__Given records__:
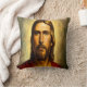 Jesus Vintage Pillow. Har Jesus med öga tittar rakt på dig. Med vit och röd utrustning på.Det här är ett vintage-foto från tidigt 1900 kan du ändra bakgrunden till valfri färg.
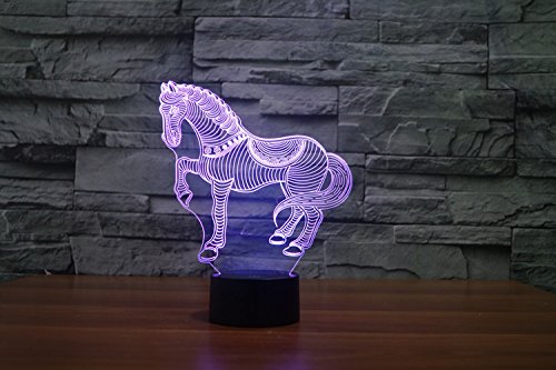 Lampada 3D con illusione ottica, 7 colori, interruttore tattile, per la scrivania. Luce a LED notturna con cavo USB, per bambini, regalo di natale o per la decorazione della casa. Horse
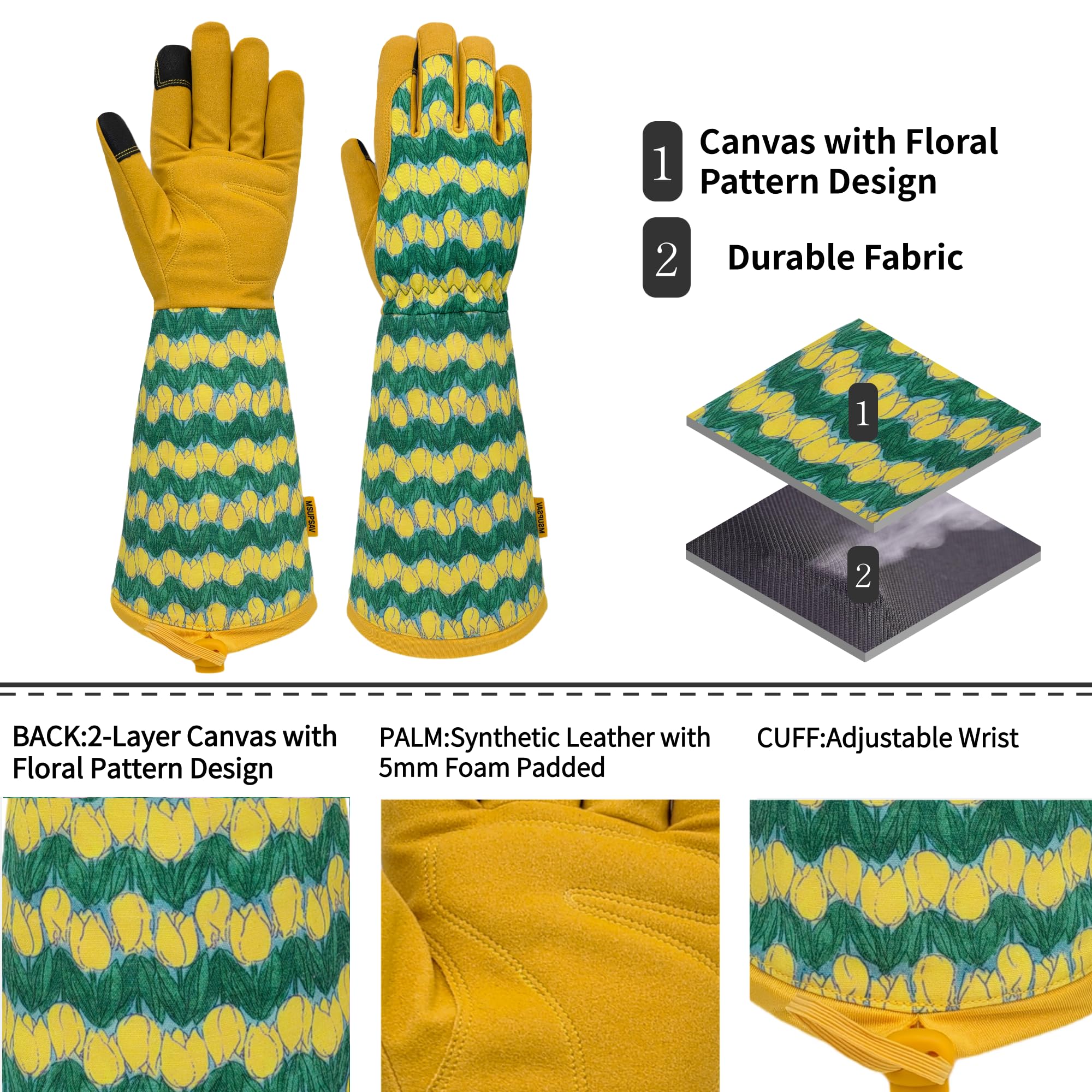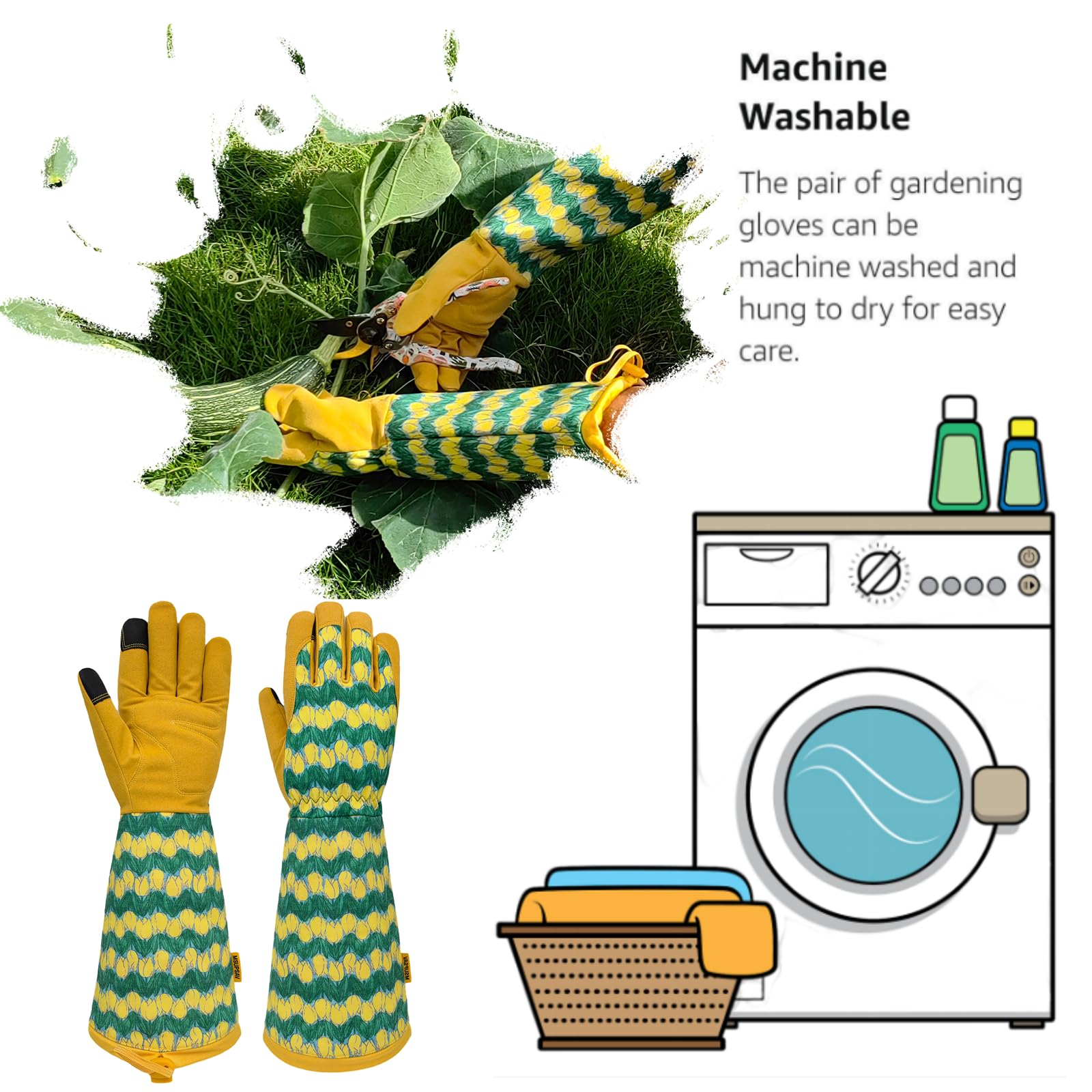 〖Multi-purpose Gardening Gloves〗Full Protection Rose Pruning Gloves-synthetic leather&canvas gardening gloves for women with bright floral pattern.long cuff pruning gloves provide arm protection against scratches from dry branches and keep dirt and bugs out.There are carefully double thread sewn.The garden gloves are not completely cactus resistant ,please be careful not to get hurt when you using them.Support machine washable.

==

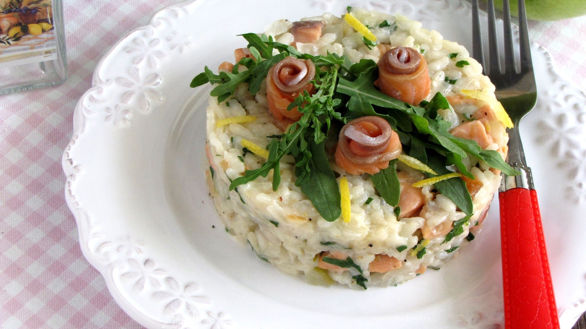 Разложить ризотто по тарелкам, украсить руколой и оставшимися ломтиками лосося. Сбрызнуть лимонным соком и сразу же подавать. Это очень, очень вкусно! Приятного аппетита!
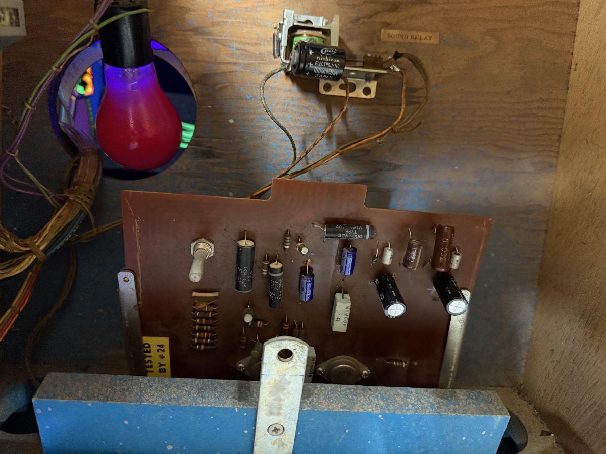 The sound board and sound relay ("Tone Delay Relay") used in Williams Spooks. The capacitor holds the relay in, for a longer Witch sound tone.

__What needs to be done__: Please copy out from the data above, without any picture, exactly the lines running from the one that holds "Разложить ризотто по" through the one that holds "The sound board", and nothing beyond them.

__Result for this exercise__:
 Разложить ризотто по тарелкам, украсить руколой и оставшимися ломтиками лосося. Сбрызнуть лимонным соком и сразу же подавать. Это очень, очень вкусно! Приятного аппетита!
 The sound board and sound relay ("Tone Delay Relay") used in Williams Spooks. The capacitor holds the relay in, for a longer Witch sound tone.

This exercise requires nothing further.